Drawing more than 7,000 attendees and supported by Bit2Me, the forum brought together leading economic figures, entrepreneurs, and analysts. Yet the conversations extended well beyond economics to culture, politics, and the very ways we think about the future, protect freedom, and accumulate and transfer value.

More than 7,000 attendees passed through the forum’s stages, alongside a first-class lineup: Argentine President Javier Milei, economist Daniel Lacalle, tech thought leader Marc Vidal, serial entrepreneur Martín Varsavsky, political analyst Agustín Laje, economist Juan Ramón Rallo, and Spanish public figures such as Esperanza Aguirre and Albert Rivera, among many others. This diverse mix of voices offered a portrait of Spain’s economy and a lens into today’s most pressing political and cultural dilemmas.

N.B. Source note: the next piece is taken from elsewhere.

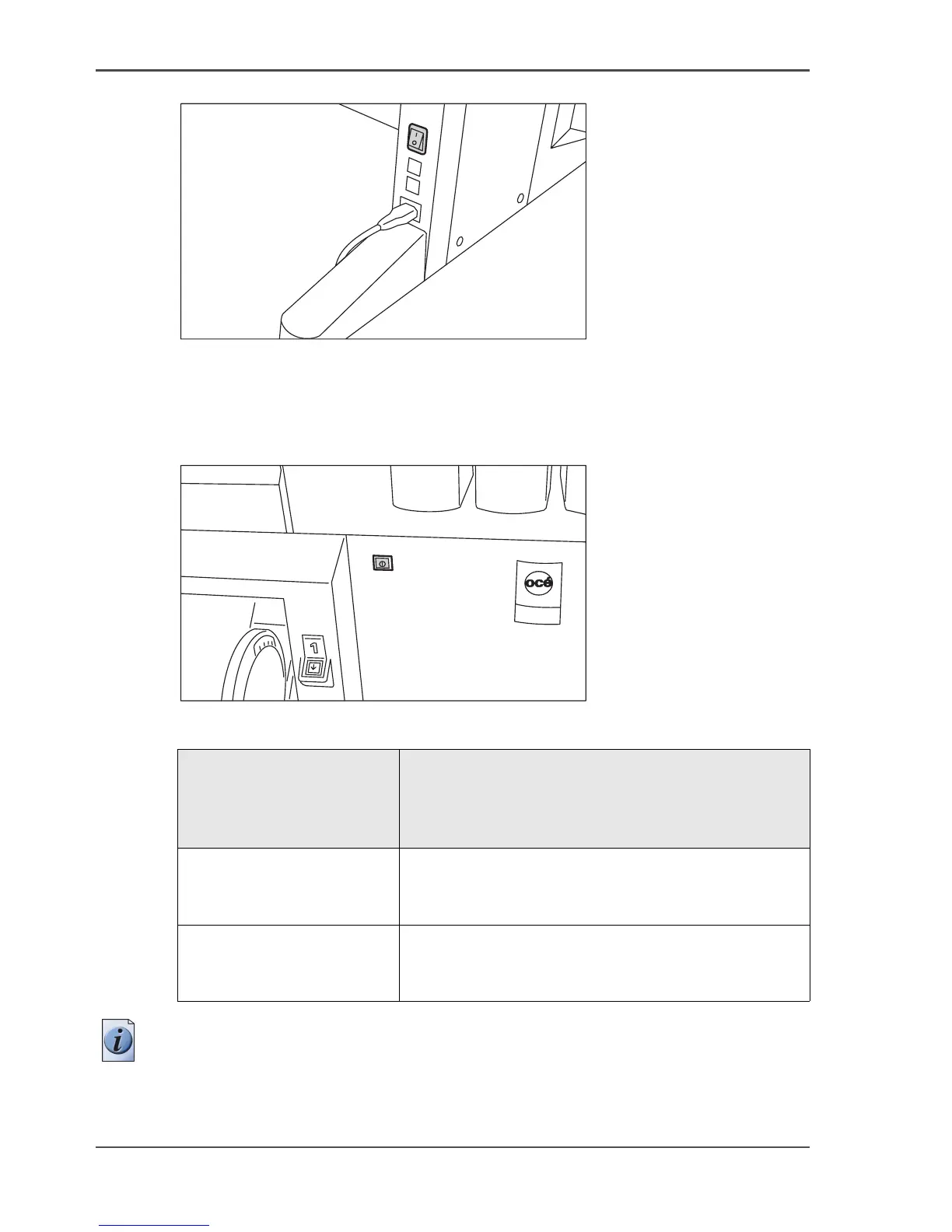 Turn on and off the Océ TCS500 printer and the Océ Power Logic® Controller

Among debates on economic policy, pensions, security, and digital assets, one topic emerged with force: CBDCs. And not in a celebratory tone.

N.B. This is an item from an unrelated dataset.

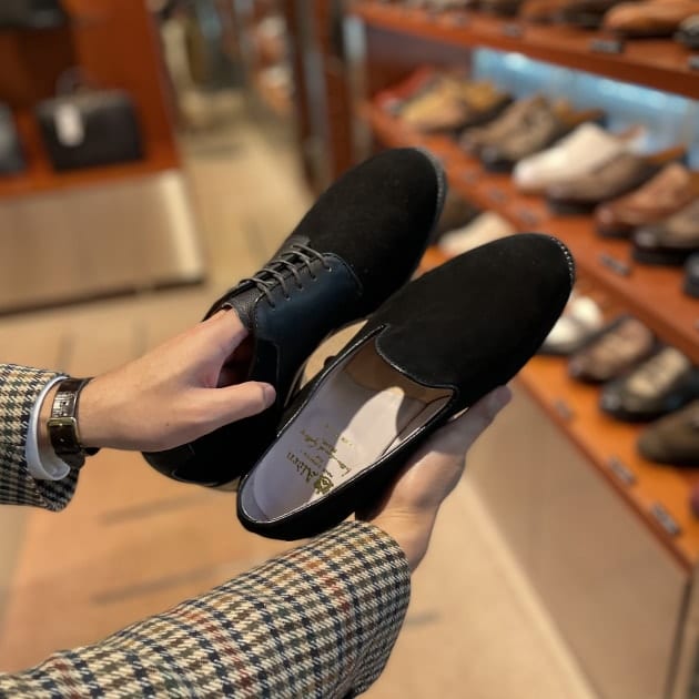 意外となかったんですね、ALDENのスリッポン・ブラックスエード‥

Marc Vidal issued a clear warning:

“CBDCs are not financial innovation. They are a potential instrument of control. And in many ways, they represent the exact opposite of what the crypto ecosystem stands for: individual freedom, decentralization, and privacy.”

His remarks resonated deeply in a forum that brought together not only economists and business leaders but also political scientists, journalists, analysts, and politicians who have spent decades observing and shaping Spain’s evolution.

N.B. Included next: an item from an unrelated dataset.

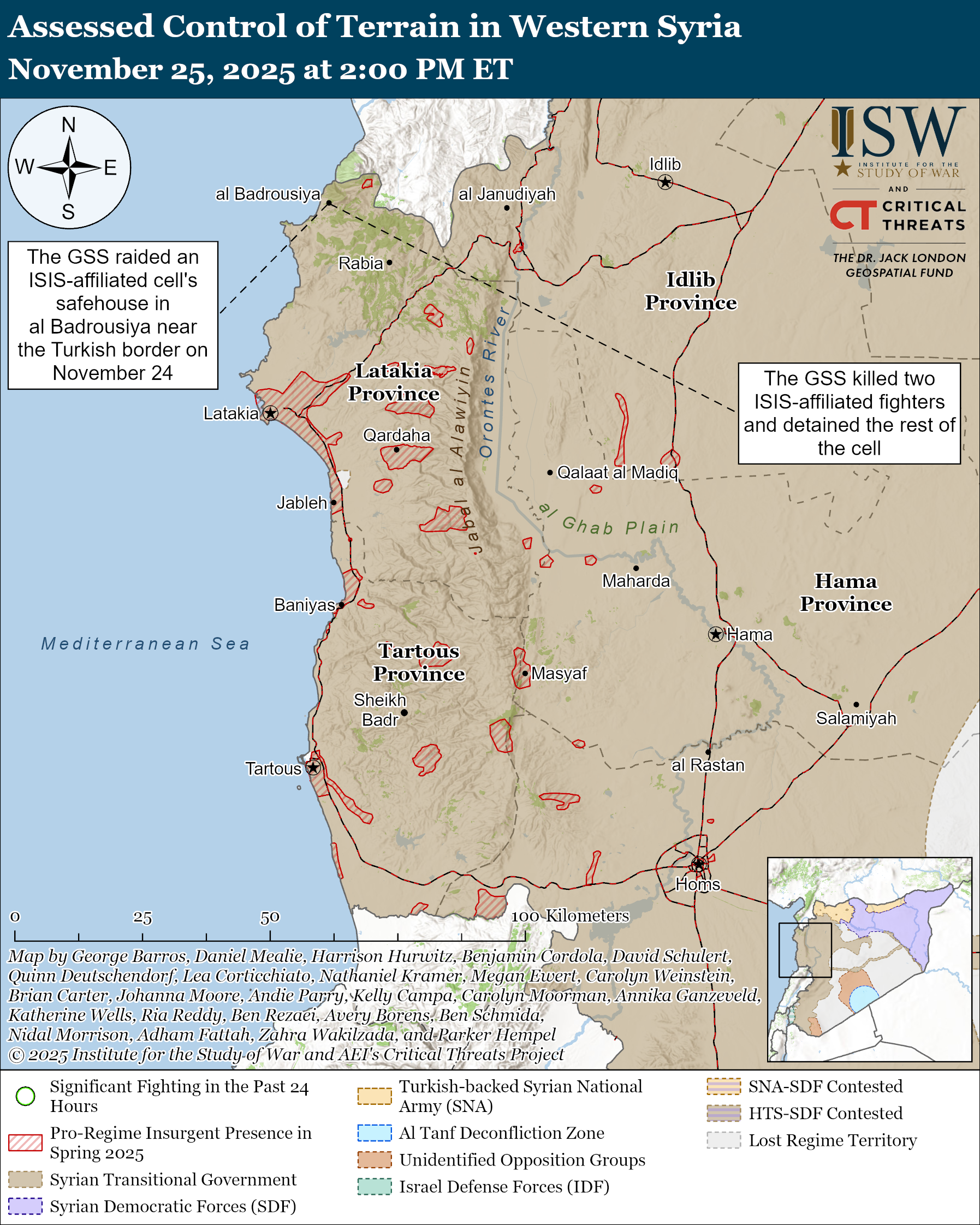 Syrian authorities dismantled an Islamic State in Iraq and al Sham (ISIS)-affiliated cell in Latakia Province, indicating that ISIS-affiliated groups may seek to conduct clandestine activities or attacks in coastal Syria. The Syrian General Security Service (GSS) raided an ISIS-affiliated cell’s safehouse in al Badrousiya, Latakia Province, on November 24.[xix] The Syrian Ministry of Interior (MoI) reported on November 24 that the GSS killed two fighters and arrested the rest of the cell.[xx] The cell injured one GSS member during the raid.[xxi] The GSS also seized “medium and light weapons” from the cell’s safehouse, according to Syrian media.[xxii] The GSS Latakia Province commander said on November 24 that the cell “was planning to carry out terrorist operations on the Syrian coast.”[xxiii]

Meanwhile, across the Atlantic, Latin America is moving in the opposite direction. In countries like Argentina, Brazil, Colombia, and Venezuela, adopting decentralized digital assets, cryptocurrencies, stablecoins, and alternative payment systems has surged in response to chronic inflation, distrust in national currencies, and the need to preserve financial freedom.

There, far from demonizing these tools, millions of citizens use them daily as a store of value and means of exchange, in an environment where Europe’s heavy-handed regulation would be almost inconceivable. The contrast could not be starker.

A paradigm shift: From the “Spanish miracle” to digital surveillance

Martín Varsavsky left his mark with his personal journey, as an international entrepreneur, with both failures and successes, and a constant drive to tackle the world’s problems one company at a time, while also praising Spain as a country where one can live, innovate, and prosper. And yet: change is coming.

As Varsavsky reminded the audience, Spain in the 1990s was a nation in transformation: building high-speed rail, opening its economy, and modernizing infrastructure. But it was also less digital, less interconnected, and, in some ways, more free on a personal level.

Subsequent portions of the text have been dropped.